Dopo queste riflessioni introduttive, il nucleo centrale del volume ci permette di entrare nell’assetto comunitario e di conoscere e ri-conoscere i suoi ospiti; l’utilizzo di strumenti così difformi, quali l’utilizzatissimo MMPI e l’analisi grafica (forse meno nota), senza letture interpretative pre-confezionate ma con un atteggiamento scientifico e direi fenomenologico, porta il lettore ad essere ricercatore oggettivo che tenta, senza essere troppo guidato o fuorviato, di trovare possibili correlazioni tra espressioni tanto diverse della medesima persona che soffre.

La comunità residenziale “La Sorgente” nel territorio bolognese, di cui si parla nel volume, accoglie tossicodipendenti e giovani in difficoltà. Nasce dall’opera di Padre Marella e conta all’oggi più di 25 anni di attività.

Attraverso gli obiettivi che si propone di raggiungere mette il valore della relazione al centro e con un progetto educativo ben strutturato aiuta il giovane ad affinare quella capacità di relazione così deficitaria nel soggetto dipendente, migliorando così la sua capacità di gestione

esistenziale. Attraverso Moreno Astorri

rinveniamo le varie tappe del percorso

comunitario con le attività che propone promuovendo il contatto del giovane con la

propria, spesso coartata, emozionalità.

L’organizzazione è chiara ed evidente l’impegno

volontaristico, presupposti indispensabili nel cammino di ricerca identitaria dei giovani devianti.

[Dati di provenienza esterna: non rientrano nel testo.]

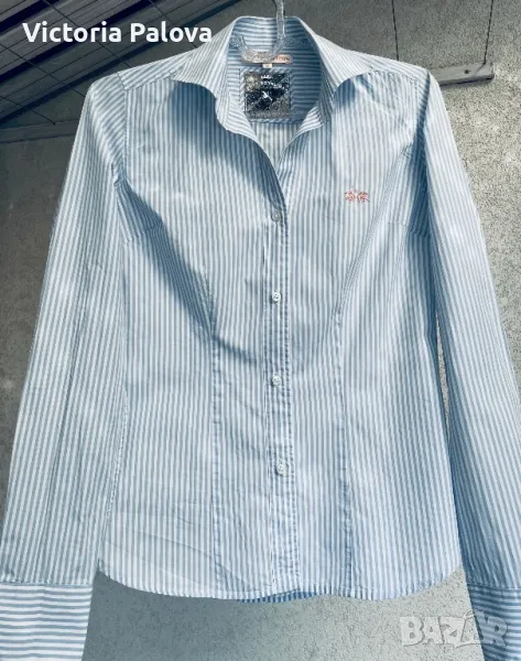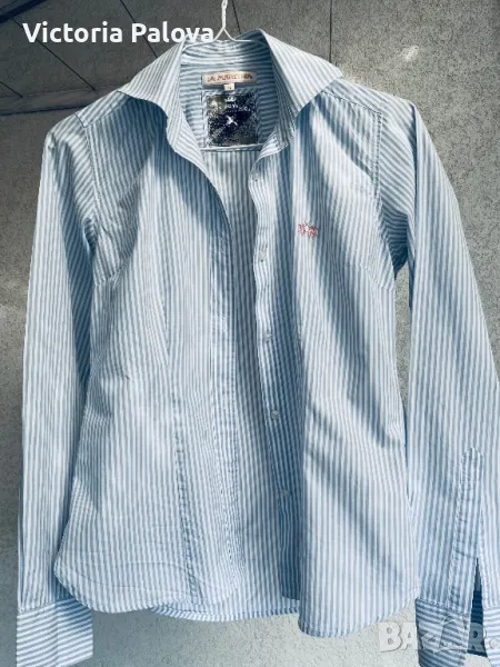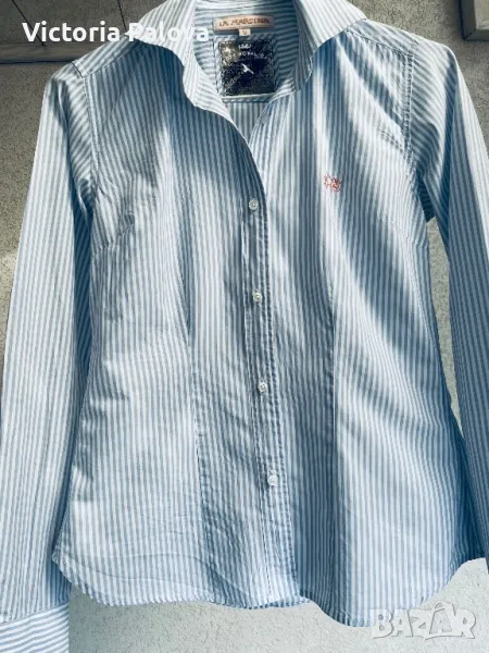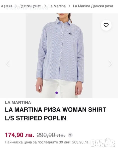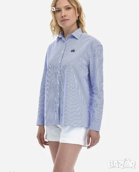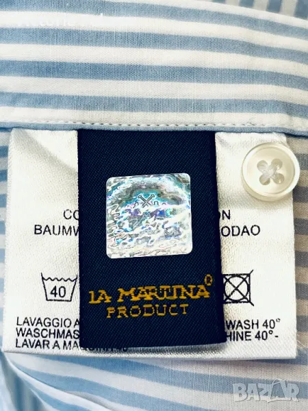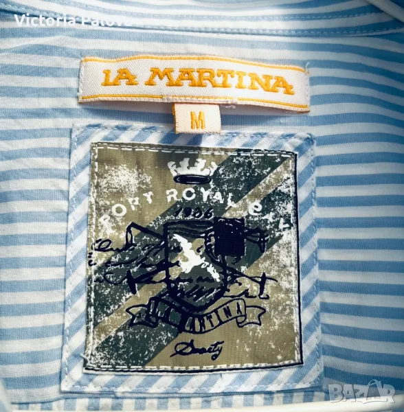 Продуктите на марка LA MARTINA са премиум класа. Материята се произвежда по специална технология ексклузивно за този бранд, технологията се казва “Grasser” - памукът става дишащ, водоотблъскващ, мек и много приятен на допир, за хора с чувствителна кожа и за тези, на които е важен стилът и комфортът. Рамо - 38см, ГО -50см, дължина - 63см, талия - 42см, ръкав - 63см, избродирано лого на бранда отпред и на страничния шев долу, объл долен край.

Gli ospiti della comunità sono stati intervistati nella convinzione dell’utilità della narrazione e del resoconto biografico per la formazione identitaria e dell’importanza del racconto umano

per meglio comprendere il fenomeno

tossicodipendenza. Dalla ricerca sperimentale proposta emerge l’importanza del rigore metodologico e degli strumenti allo scopo di pervenire ad una descrizione sintetica e condivisibile della complessità del mondo tossicodipendente (per quanto trattasi di un micro-mondo e di un campione ristretto e non casuale). Emergono profili di personalità estremamente interessanti. Consapevoli della non impeccabile elaborazione del disegno sperimentale, gli autori presentano dati descrittivi importanti, raccolti attraverso singolare associazione di strumenti (MMPI ed esame grafologico).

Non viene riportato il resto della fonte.